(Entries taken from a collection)
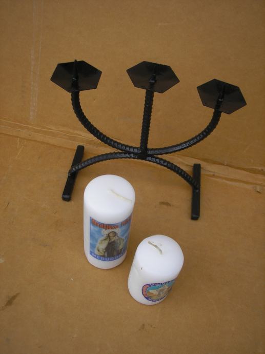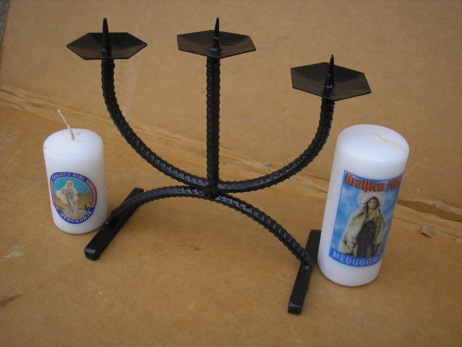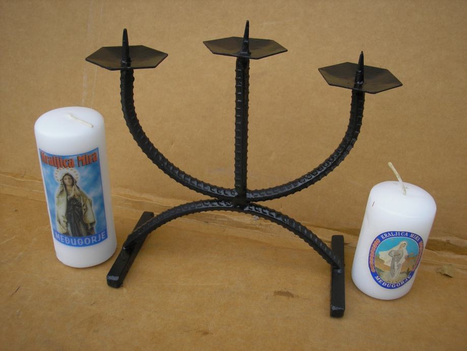 SVIJEĆNJAK metalni trozub + 2 svijeće motiv Međugorja NOVO
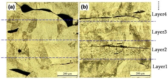 Optical microscopy (OM) images showing the typical macrostructure of (a) of SLM sample with defects and (b) UIT assisted SLM sample with defects, the hatch spacing of two samples is 0.8 mm.
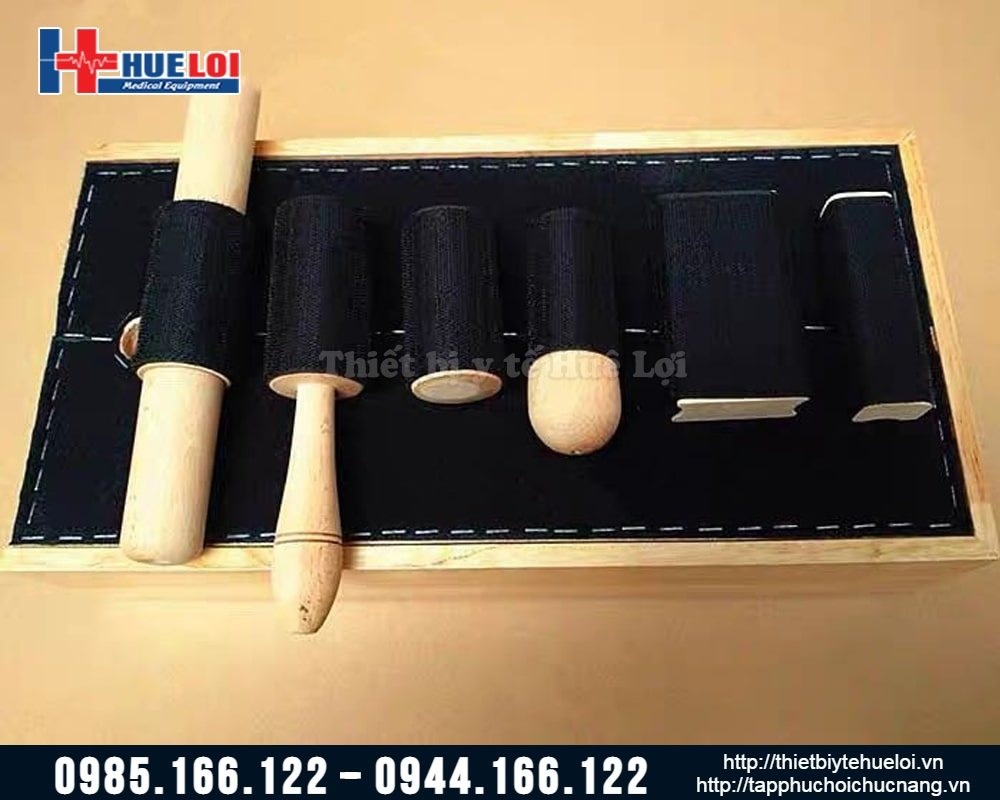 Hộp gỗ tập phục hồi chức năng cổ tay dùng cho những người yếu liệt bàn tay hoặc co cứng khớp cổ tay. Sản phẩm bao gồm: 1 hộp gỗ chính và 7 miếng gỗ phụ với những hình dạng khác nhau (hình hộp chữ nhật, hình lăng trụ tam giác, hình cán bột…), dùng thiết kế băng gai dính bao bên ngoài các miếng gỗ để tạo thành trở lực, từ đó giúp tập luyện cơ cổ tay và luyện độ linh hoạt cho khớp cổ tay
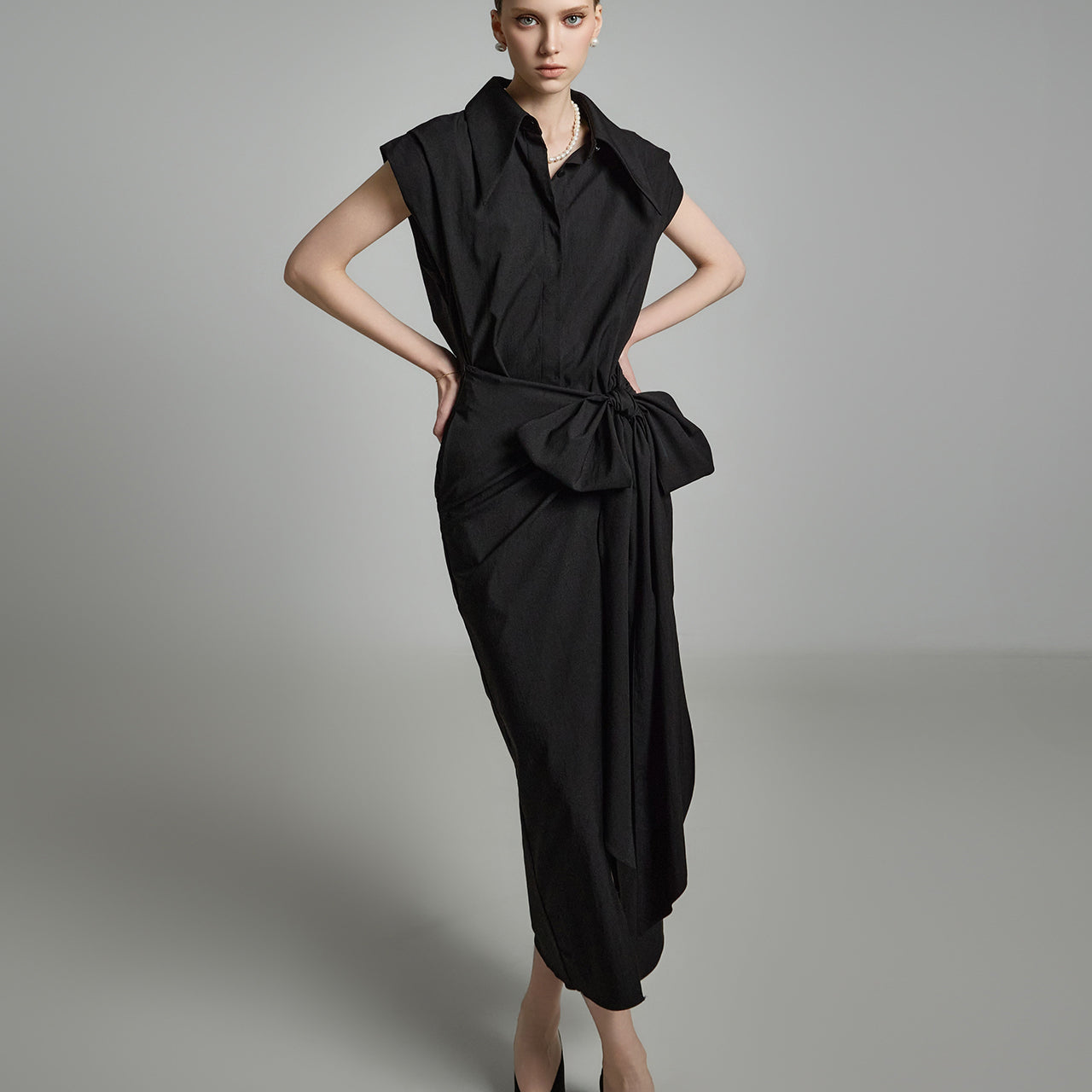 アシンメトリーな長さとノースリーブのシャツデザインが組み合わさって
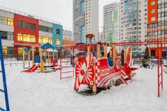 Район обладает развитой инфраструктурой: во дворе находятся несколько школ и детских садов, а также все необходимые магазины, аптеки и пекарни в шаговой доступности. Много парковых зон для прогулок, что делает это место идеальным для семейного проживания.
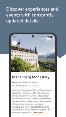Upptäck Sydtyrolens dolda pärlor och välkända sevärdheter med din ultimata resekompanjon. Reseguiden för Sydtyrolen är din personliga expert som hjälper dig att utforska regionen som en lokalbo. Dela din plats för att omedelbart hitta evenemang, aktiviteter och attraktioner i din närhet, noggrant anpassade efter dina intressen. Låt dig inspireras av säsongsanpassade rekommendationer från lokala experter, vilket garanterar att du får ut det mesta av ditt besök, oavsett tid på året.
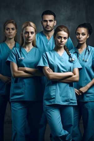 United in Focus: Doctors & nurses in scrubs, unwavering concentration on patient care. AI-generated
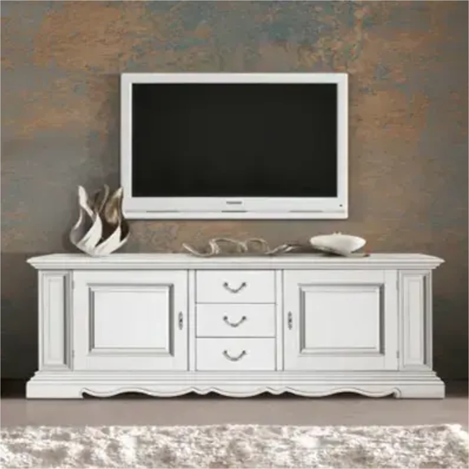 Morello klasszikus stílusú TV-szekrény, 2 ajtós, 3 fiókkal
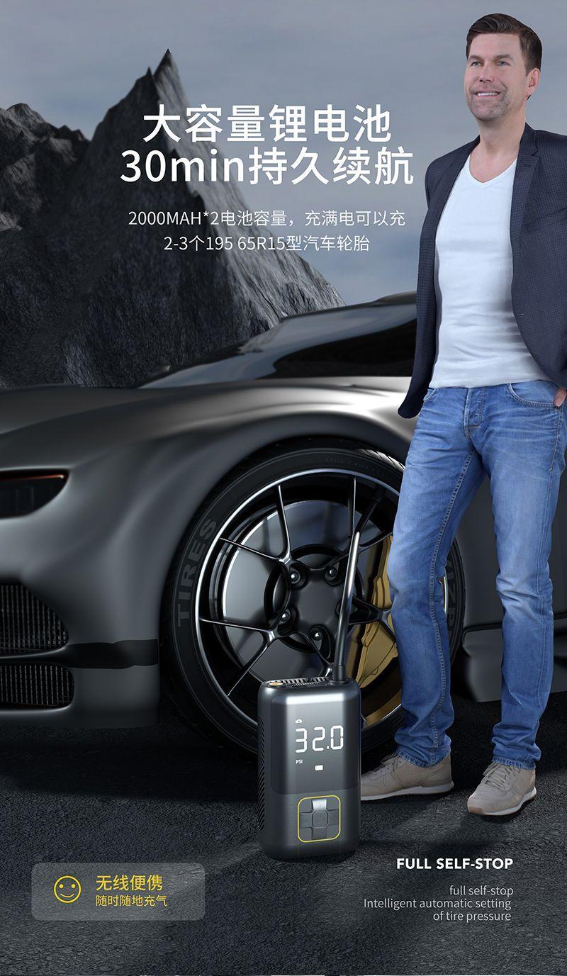 Bomba de Ar Sem Fio para Carro Bomba Elétrica Portátil para Carro Adequada para Inflador de Pneus de Carro Xiaomi
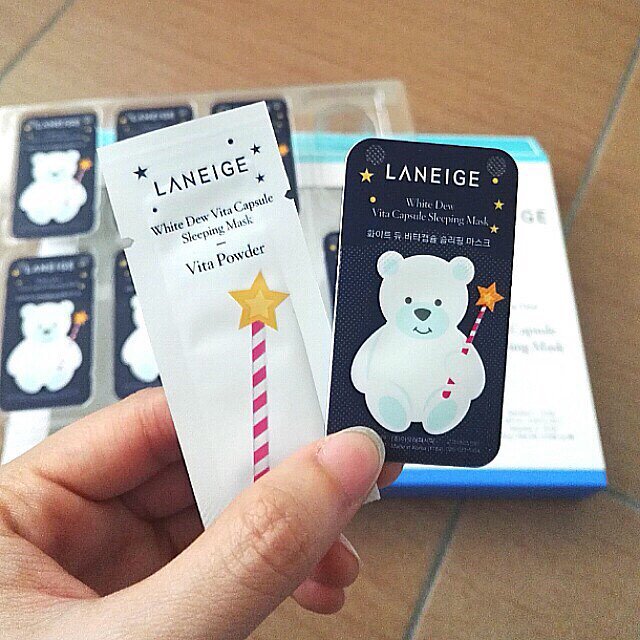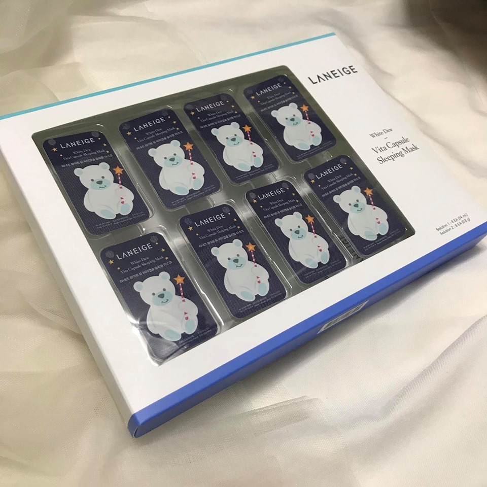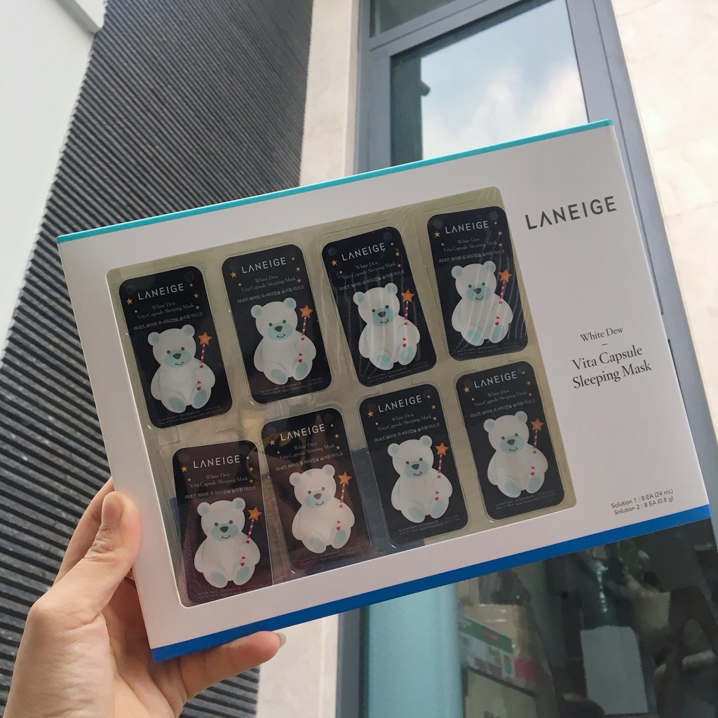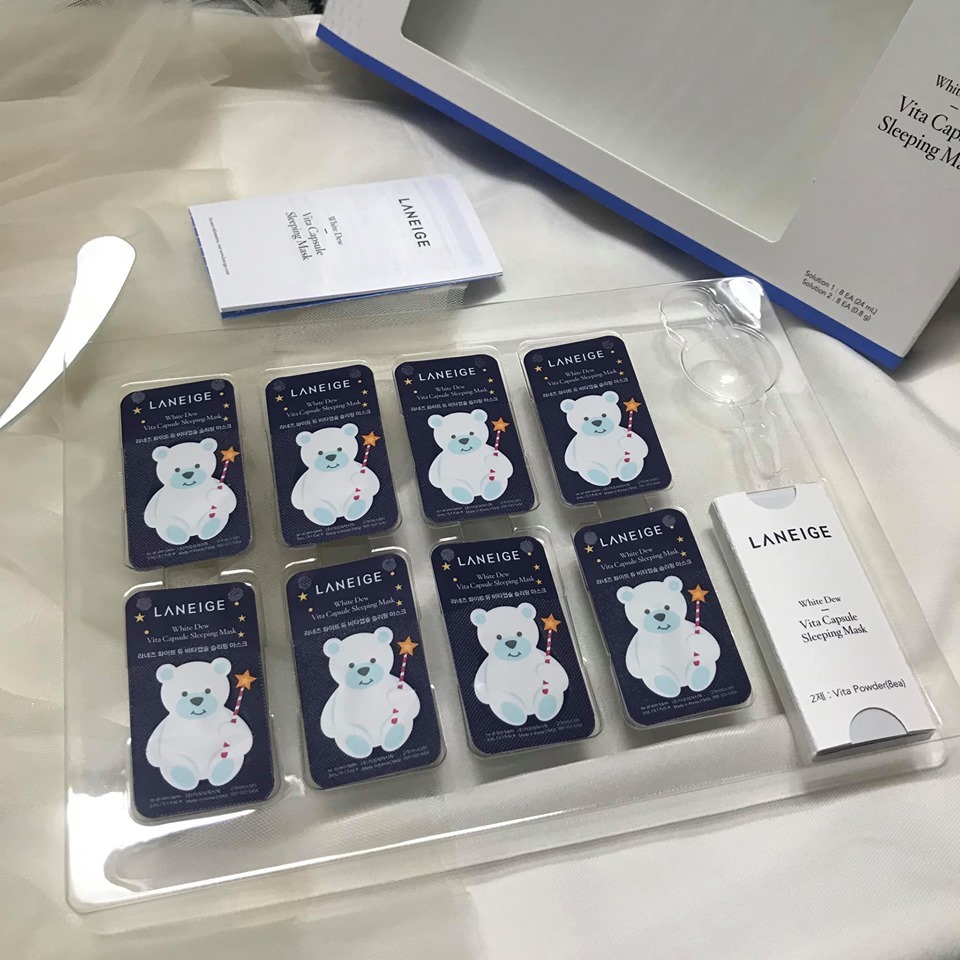 - Mặt Nạ Ngủ Gấu Con Laneige White Dew Vita Capsule Sleeping Mask được đóng gói riêng lẻ với 16 gói có thể sử dụng tới 2 tháng (khoảng 8 tuần) khi dùng 1 tuần 2 lần.
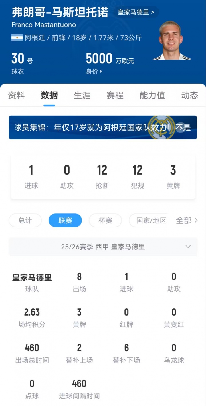 今夏皇马以4500万欧元签下18岁的马斯坦托诺,他于今还是为皇马在联赛出场8次,孝顺1个进球,刻下的身价为5000万欧元。
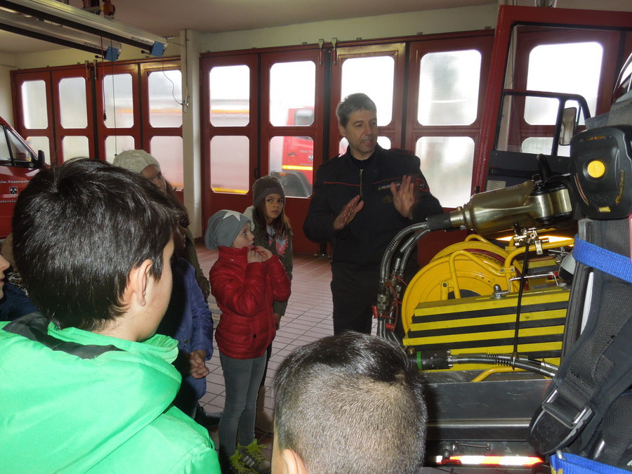 Nach der Begrüßung hat uns der Feuerwehrmann in Gruppen aufgeteilt.
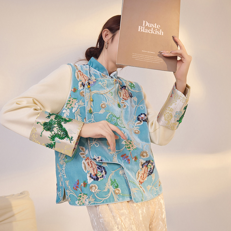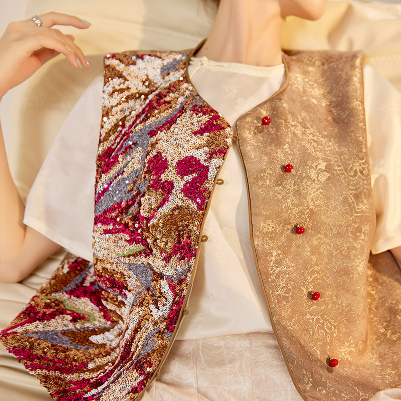 新中国風の国風サテン花柄刺繍スパンコールベストゆったりスリムフィットトップス女性用M3020文学的レトロスタイル

§ EXERCISE GOAL:
Return every line of the data above exactly, and omit all pictures.

§ ANSWER BOX:
 SVIJEĆNJAK metalni trozub + 2 svijeće motiv Međugorja NOVO
 Optical microscopy (OM) images showing the typical macrostructure of (a) of SLM sample with defects and (b) UIT assisted SLM sample with defects, the hatch spacing of two samples is 0.8 mm.
 Hộp gỗ tập phục hồi chức năng cổ tay dùng cho những người yếu liệt bàn tay hoặc co cứng khớp cổ tay. Sản phẩm bao gồm: 1 hộp gỗ chính và 7 miếng gỗ phụ với những hình dạng khác nhau (hình hộp chữ nhật, hình lăng trụ tam giác, hình cán bột…), dùng thiết kế băng gai dính bao bên ngoài các miếng gỗ để tạo thành trở lực, từ đó giúp tập luyện cơ cổ tay và luyện độ linh hoạt cho khớp cổ tay
 アシンメトリーな長さとノースリーブのシャツデザインが組み合わさって
 Район обладает развитой инфраструктурой: во дворе находятся несколько школ и детских садов, а также все необходимые магазины, аптеки и пекарни в шаговой доступности. Много парковых зон для прогулок, что делает это место идеальным для семейного проживания.
Upptäck Sydtyrolens dolda pärlor och välkända sevärdheter med din ultimata resekompanjon. Reseguiden för Sydtyrolen är din personliga expert som hjälper dig att utforska regionen som en lokalbo. Dela din plats för att omedelbart hitta evenemang, aktiviteter och attraktioner i din närhet, noggrant anpassade efter dina intressen. Låt dig inspireras av säsongsanpassade rekommendationer från lokala experter, vilket garanterar att du får ut det mesta av ditt besök, oavsett tid på året.
 United in Focus: Doctors & nurses in scrubs, unwavering concentration on patient care. AI-generated
 Morello klasszikus stílusú TV-szekrény, 2 ajtós, 3 fiókkal
 Bomba de Ar Sem Fio para Carro Bomba Elétrica Portátil para Carro Adequada para Inflador de Pneus de Carro Xiaomi
 - Mặt Nạ Ngủ Gấu Con Laneige White Dew Vita Capsule Sleeping Mask được đóng gói riêng lẻ với 16 gói có thể sử dụng tới 2 tháng (khoảng 8 tuần) khi dùng 1 tuần 2 lần.
 今夏皇马以4500万欧元签下18岁的马斯坦托诺,他于今还是为皇马在联赛出场8次,孝顺1个进球,刻下的身价为5000万欧元。
 Nach der Begrüßung hat uns der Feuerwehrmann in Gruppen aufgeteilt.
 新中国風の国風サテン花柄刺繍スパンコールベストゆったりスリムフィットトップス女性用M3020文学的レトロスタイル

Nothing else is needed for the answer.